Para Edward Luz, presidente da Missão Novas Tribos do Brasil (MNTB), a


evangelização altera a cultura de um povo tanto quanto o provimento de serviços de
saúde e de educação. "A partir do momento em que você dá um antibiótico, um remédio
antimalária, você alterou toda a cosmovisão de um povo. Você vai negar dar saúde para
o índio?"

Ele afirma que missionários deveriam ser livres para atuar em qualquer comunidade
indígena, inclusive as isoladas, e que esse trabalho pode salvar alguns grupos da
extinção.

"Qualquer povo com menos de 400 pessoas está fadado ao extermínio por razões
óbvias, como a consanguinidade.
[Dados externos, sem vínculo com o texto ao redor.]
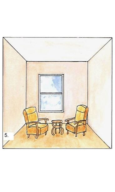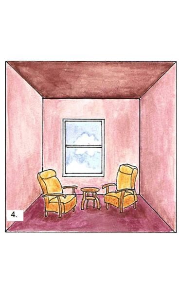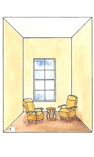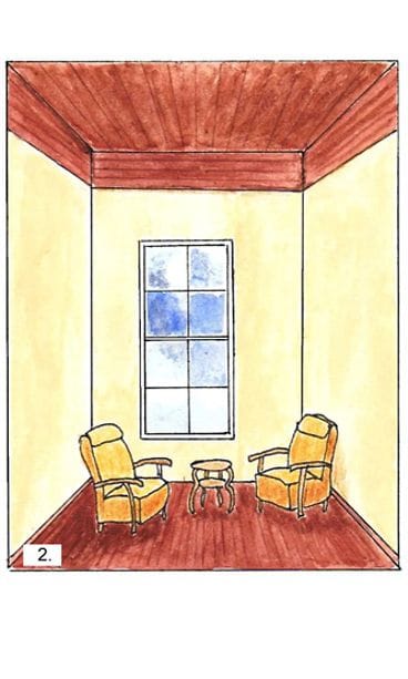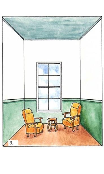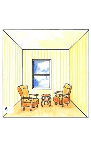 Oheisissa piirroksissa on yksinkertaistaen esitetty värien vaikutusta tilaan. Ensimmäisessä kuvassa on korkea, kapea huone, joka saadaan vaaleilla seinillä ja valkoisella katolla näyttämään avaralta ja selkeältä.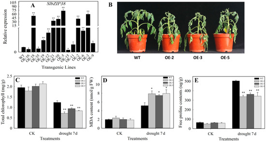 To examine whether SlbZIP38 overexpression conferred resistance to drought stress, one-month-old OE-2, OE-3, OE-5, and WT plants were not watered for seven days. Before stress treatment, no evident phenotypic differences were identified between the transgenic and WT plants. After the drought stress treatment, the transgenic plants showed more severe wilting and shrinking of the leaves than the WT (Figure 4B). Thus, the transgenic plants were more susceptible to drought stress than the WT plants were. The levels of chlorophyll, malondialdehyde (MDA) and free proline are used as an indicator of tolerance to abiotic stresses, such as drought, salinity, and extreme temperatures [49,70,71,72,73]. To evaluate the effects of drought stress on the performance of SlbZIP38-overexpressing transgenic plants, we thus compared the levels of chlorophyll, malondialdehyde (MDA), and free proline in the leaves of OE-2, OE-3, and OE-5 plants under drought stress with those in the WT. Following drought stress, the total chlorophyll content was significantly decreased in all plants examined (Student’s t-test, p < 0.01); this change was more pronounced in the transgenic plants than in the WT (Figure 4C). Before stress, the physiological levels of MDA and free proline were similar between transgenic and WT plants, whereas they were dramatically increased (Student’s t-test, p < 0.05) in the transgenic plants following drought treatment (Figure 4D). The free proline content of SlbZIP38-overexpressing plants was significantly lower (Student’s t-test, p < 0.01) than that of WT plants (Figure 4E). These results suggest that overexpression of the native SlbZIP38 gene may has a negative effect on drought stress tolerance.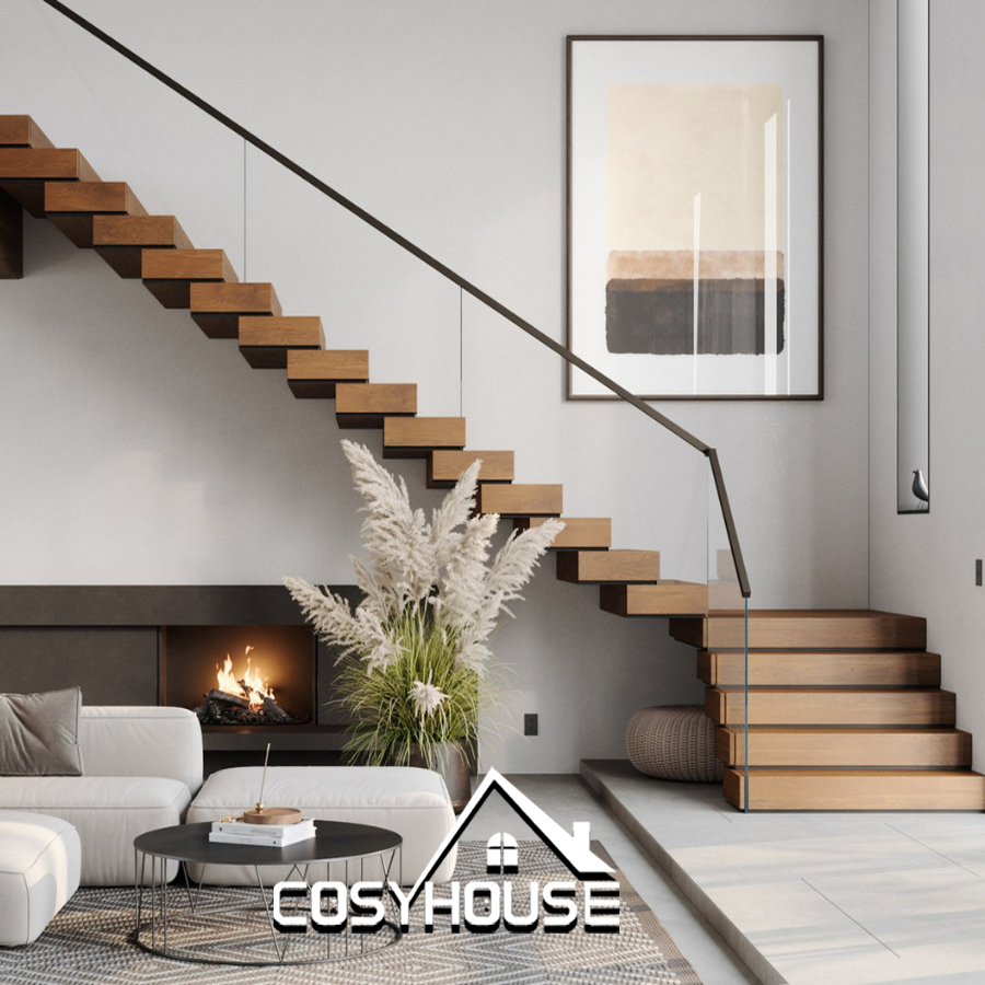 The combination of warm wood and transparent glass gives the staircase a balanced material expression. The wood adds depth and warmth to the space, while the glass railing keeps the structure visually light and helps preserve openness around the stair zone. This design is well suited for buyers who want a staircase that feels premium, modern, and architecturally clean.
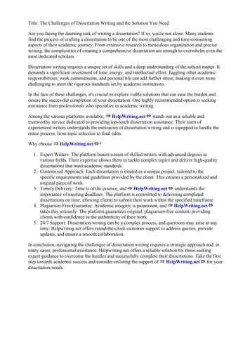 That's where ⇒ HelpWriting.net⇔ comes in. We understand the complexities of dissertation writing and offer expert assistance to help you navigate the process smoothly. Our team of experienced writers specializes in various fields and can provide tailored support at every stage of your dissertation journey.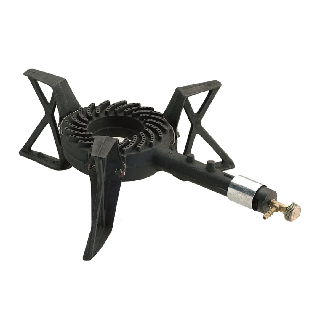 Μαγειρική εστία υγραερίου μονή μαύρου χρώματος της εταιρίας KEMPER, κατασκευασμένη από χυτοσίδηρο. Διαθέτει 3 ποδια που εξυπηρετούν στην καλύτερη σταθεροποίηση της στο έδαφος ή σε σταθερή επιφάνεια (τραπέζι, πάγκο κ.α). Ιδανική εστία για οικιακή χρήση ή σε τροχόσπιτο, αλλά και για εξωτερικό χώρο (βουνό, θάλασσα ή camping κ.α) . Το μικρό της μέγεθος σας επιτρέπει να την μετακινείτε και να την μεταφέρετε με μεγάλη ευκολία όπου εσείς επιθυμείτε. Κατάλληλο για να ζεσταίνει κονσέρβες, εξοπλισμένο με στήριγμα κατσαρόλας.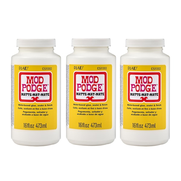 For over 55 years Mod Podge has been America's favorite glue, sealer, and finish. Mod Podge Matte is quick-drying and dries clear, leaving a smooth, matte finish. Preserve the beauty of your decoupage paper projects and more with this multi-purpose, all-in-one sealant, glue, and finish. Use this decoupage glue to create decoupage tissue paper projects as well as projects using wood, fabric, plastic, and canvas! This handy decoupage glue comes in a variety of finishes such as gloss, matte, glitter, satin, outdoor, dishwasher safe, and many other unique formulas for every project. Let your creativity come alive with the limitless possibilities of Mod Podge Matte. Sold as a pack of three 16 oz. bottles.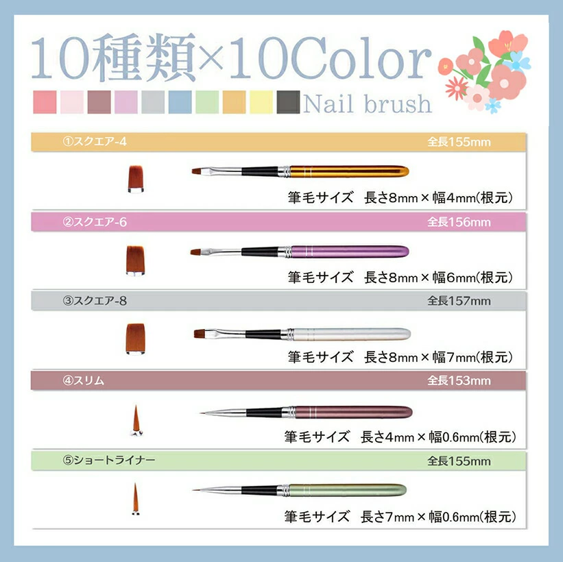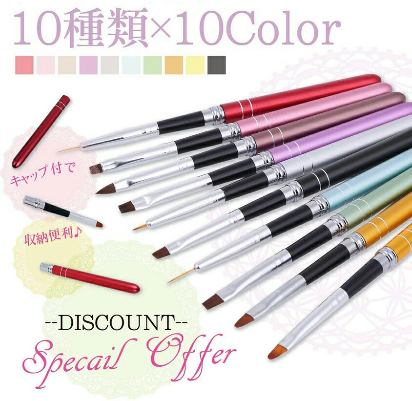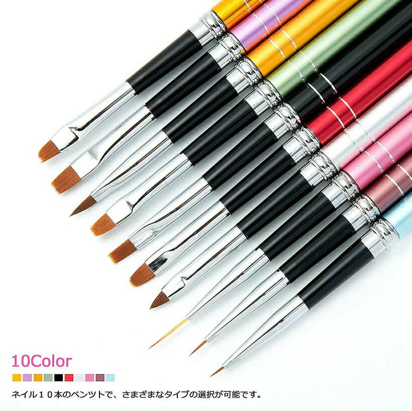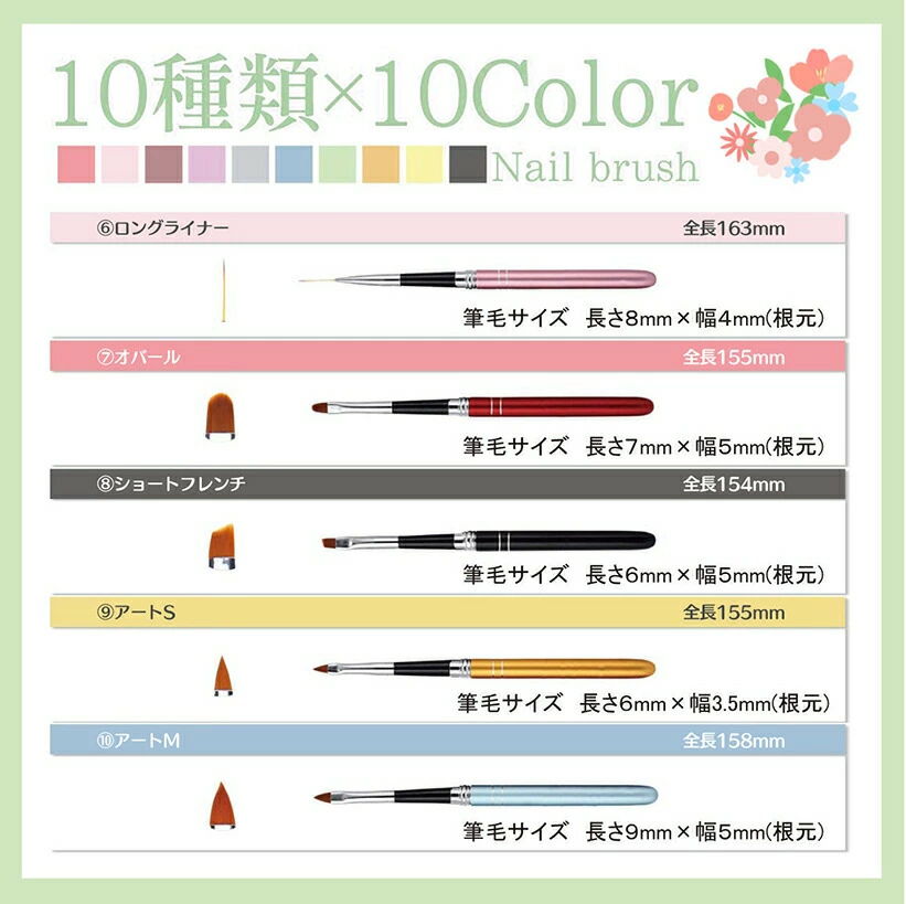 これからジェルネイルを始める人におすすめの、ジェルネイルブラシ10本セットです。 それぞれの種類に役割や描き方のコツがあるので、練習用として使うのに最適。自分の爪に合う細やかなブラシ選びがしたい人にもおすすめです。

Têm que haver uma política de aproximação desses
povos", defende.
© Diocese de São Gabriel da Cachoeira Padres salesianos no Alto Rio Negro, em 1914; ação
dos religiosos difundiu o catolicismo entre povos indígenas da região

Contato com os Zo'é

Edward Luz protagonizou um dos episódios que fizeram a Funai mudar sua política em
relação a índios isolados, estabelecendo restrições ao contato. Ele diz ter sido o primeiro
não indígena a contatar o povo Zo'é, no norte do Pará, em 1982.

Em "Memórias Sertanistas: cem anos de indigenismo no Brasil", livro organizado pelo


jornalista Felipe Milanez, o ex-servidor da Funai Fiorello Parise diz que o contato foi
feito à revelia da Funai e causou grande mortandade entre os Zo'é.
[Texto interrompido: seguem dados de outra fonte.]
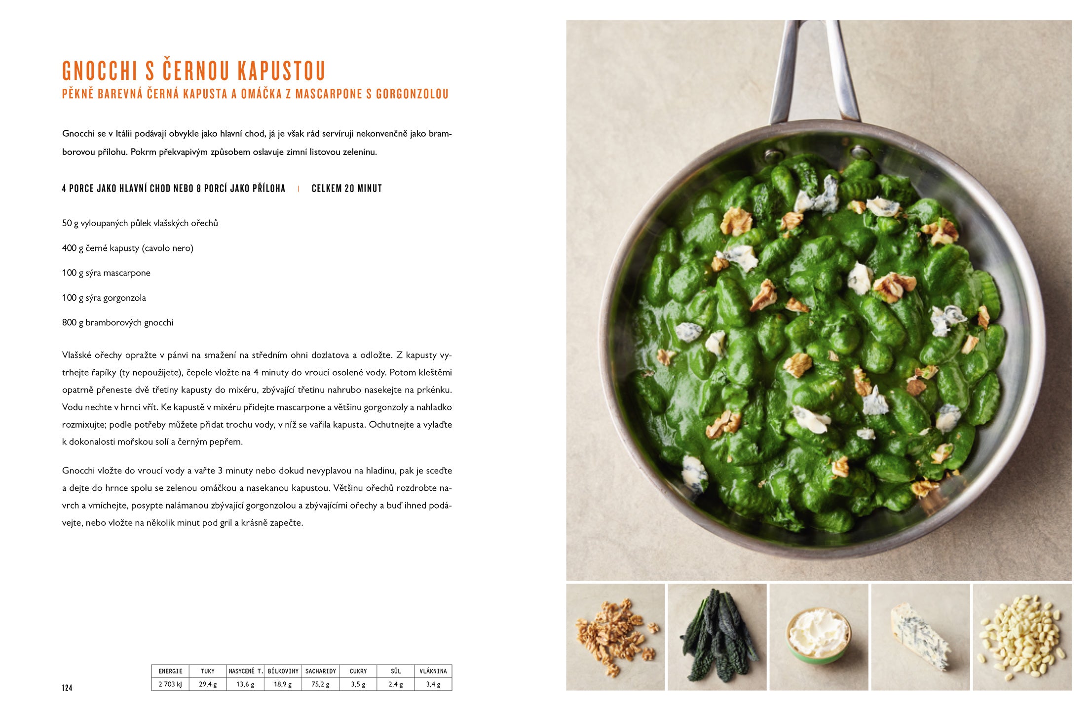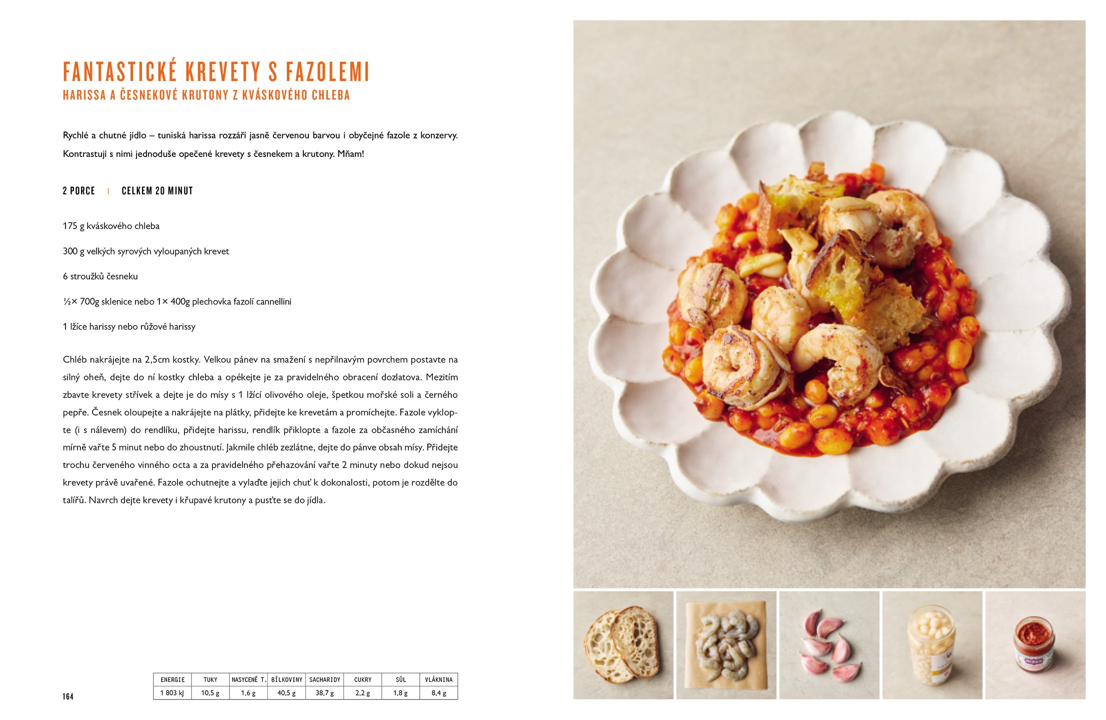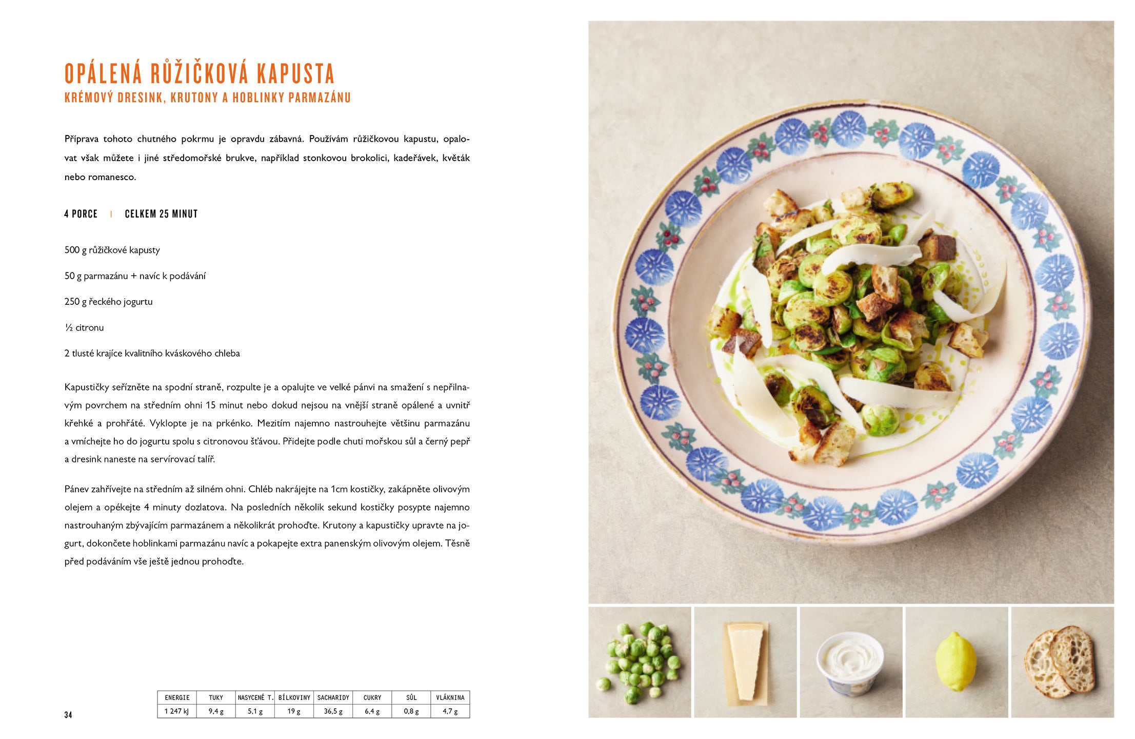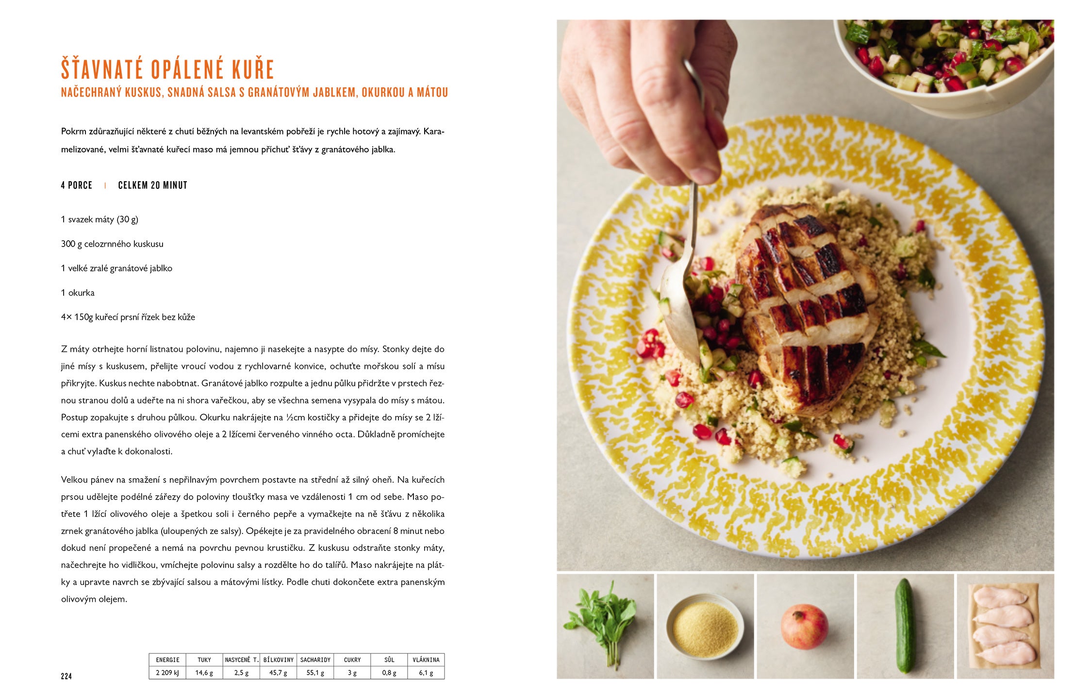 Jamie Oliver ve své nové knize představuje více než 125 receptů, které jsou oslavou středomořských surovin, chutí i vůní. Inspirovaly ho cesty po tomto oblíbeném regionu a s nadšením přetvořil klasické recepty na něco „oliverovsky" působivého a jednoduchého. Na každý recept budete potřebovat jen 5 surovin (základ typu olivový olej, sůl či pepř se nepočítá), takže připravíte chutná jídla bez dlouhého nákupního seznamu a velké kopy nádobí… Zhruba polovina receptů je buď bezmasých, nebo s menším obsahem masa. Hledáte-li inspiraci na saláty, polévky, těstoviny, zeleninové pokrmy, jídla z ryb či mořských plodů, drůbeže, vepřového, hovězího i jehněčího masa nebo na slané koláče a dezerty, určitě si vyberete. Vyzkoušejte melounový salát, pečenou rajčatovou polévku, řecko-kyperské těstoviny, dýňový tažín, chorvatské slávky, morčáka marinovaného limetou, pečenou kachnu s hroznovým vínem, hovězí tagliatu, trhané jehněčí ramínko, úžasné pečené meruňky, luxusní nanuk…

Segundo Parise, a presença dos missionários contaminou os indígenas com gripe e


malária, doenças até então inexistentes no território. Ele afirma ainda que na aldeia "só
havia medicamento para uso dos próprios missionários", e que os religiosos criaram
uma estrutura "tendo os Zo'é para lhes oferecer artesanato, servirem-lhes caça, pesca e
outros serviços mais".

Em 1987, a Funai determinou que iniciativas de contato com povos isolados deveriam
partir sempre dos próprios grupos - e que cabia ao Estado somente proteger e demarcar
suas terras.

Em 1991, os missionários da MNTB foram expulsos do território Zo'é.
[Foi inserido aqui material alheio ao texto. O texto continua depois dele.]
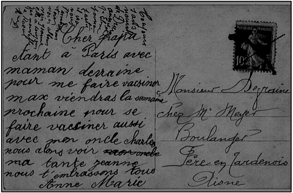 Ses vœux sont exaucés, sa fille Anne Marie lui écrit à Fère en Tardenois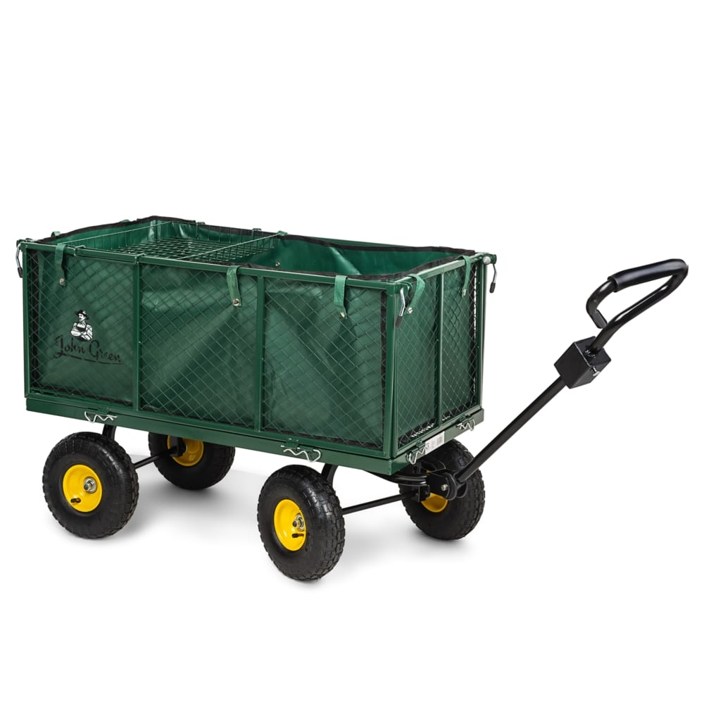 Wózek ogrodowy transporter, przyczepka z opuszczanymi burtami + wkład do przewozu sypkich rzeczy

Edward Luz diz que as afirmações de Parise sobre a introdução de doenças na


comunidade são falsas. Ele afirma que provavelmente a malária chegou ao território por
meio de macacos, que estão entre os hospedeiros da doença.
"Depois que cheguei no Amazonas, peguei oito malárias, lá no meio deles. E dizem que
eu fui lá levar malária? É inconcebível."

Sobre os relatos de privilégios que os missionários teriam entre os indígenas, ele diz que
se tratava de cuidados para conciliar "dois mundos completamente diferentes".

"Eles queriam isso ou aquilo e você não pode, dentro da perspectiva sociocultural, dar
ou distribuir esssas coisas, como alguns erroneamente fazem. E se ele (índio) te dá algo,
espera receber algo na frente. Éramos parcimoniosos para não criar uma dependência
econômica."

Luz diz que os missionários reverteram "o processo de extinção completa daquele povo"
e que a expulsão do grupo se deveu a fatores políticos.

"Havia interesses de pessoas para estudar aqueles povos e não queriam a presença de
missionários no meio deles. Até então, a Funai nos elogiava, temos relatos e afirmações
fantásticas deles a nosso respeito", diz.